In another village, Russian soldiers herded women into a basement, with the intention of raping them one by one.  

Some perpetrators are likely to be convicted murderers and sex offenders who have been conscripted in exchange for pardons from President Putin. 

A Global Rights Compliance spokesman said: “The new team will support the implementation of a victim- and witness-oriented approach to its operations, which is designed to support Ukraine’s response mechanisms to conflict-related sexual violence at every stage of the investigation.

This work will include assisting evidence-gathering by local authorities, supporting the analysis of this data with officials in the prosecutor’s office and enabling safe and secure support processes.”

The continuing development of effective Ukrainian conflict-related sexual violence policies and legislation is aimed at ensuring more perpetrators are brought to account and the largest number of innocent Ukrainian survivors possible receives the support and see the justice they deserve. 

In a separate development, the UK is providing training to a group of 90 Ukrainian judges to help them carry out war crimes trials for Russian soldiers, it was announced yesterday.

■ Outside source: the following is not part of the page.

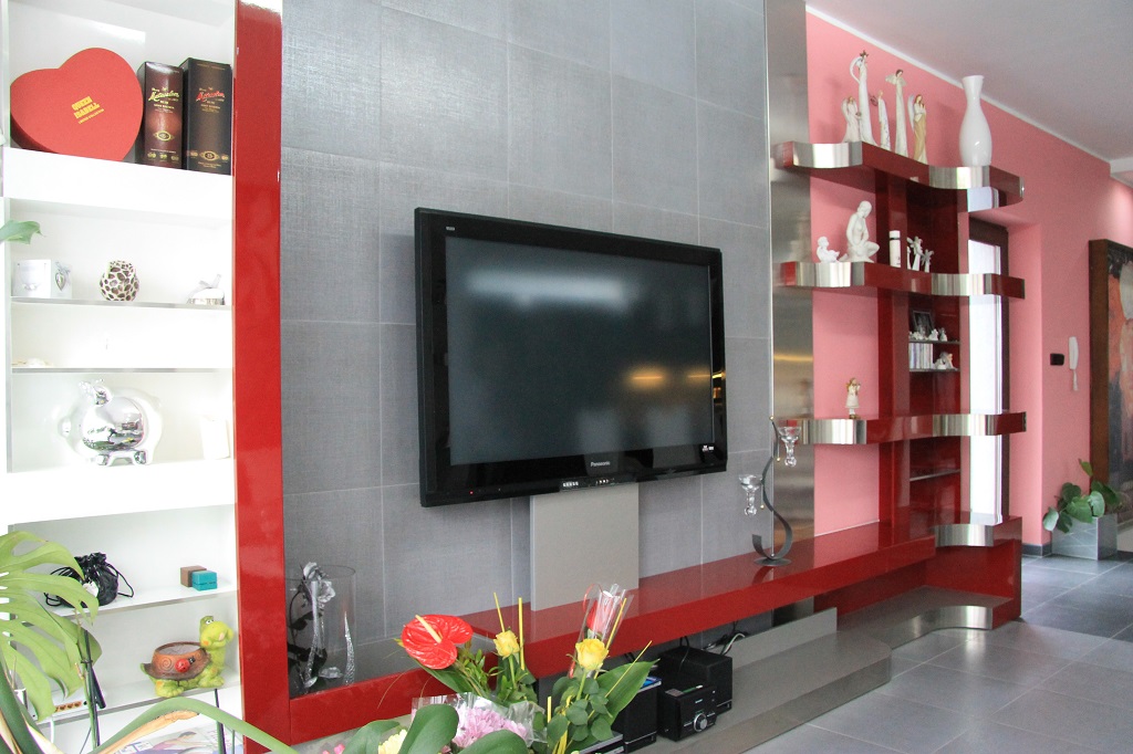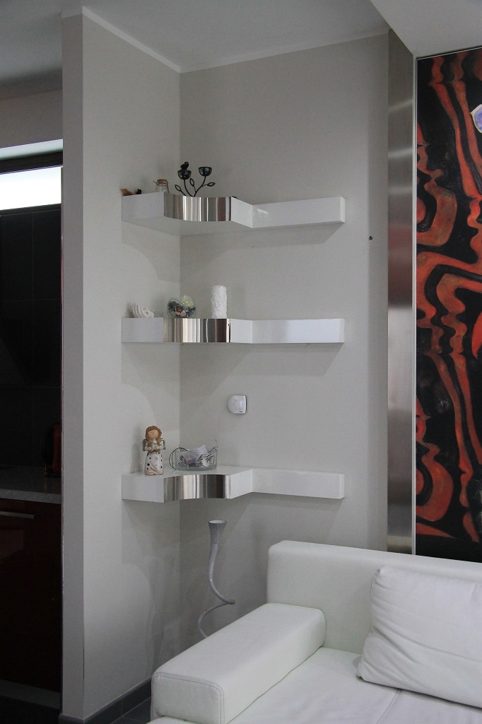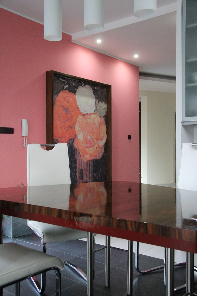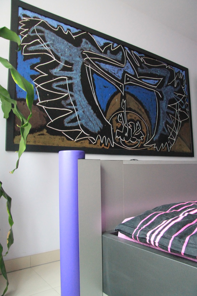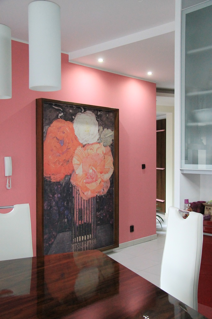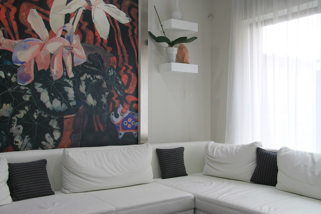 Jako dominující jsou 2 velkoplošné aplikace tiskových reprodukcí textilních návrhů z dílny Mackintosh z přelomu 19. a 20. století. Vlastní nábytkový relax v bílé barvě je typový a prostorově velmi vhodný.

With each town freed by the Ukrainian forces, the scale of the atrocities committed by Putin’s forces is becoming more apparent, and as part of a £2.5 million investment scheme, UK judges will offer their services to ensure such acts do not go unpunished.

Attorney General Victoria Prentis hoped the prosecution of Russian soldiers would convince those still fighting that they “must act in accordance with international law”.

Sir Howard Morrison, a British judge running the training said it was possible “senior Russians” could be brought in front of a tribunal.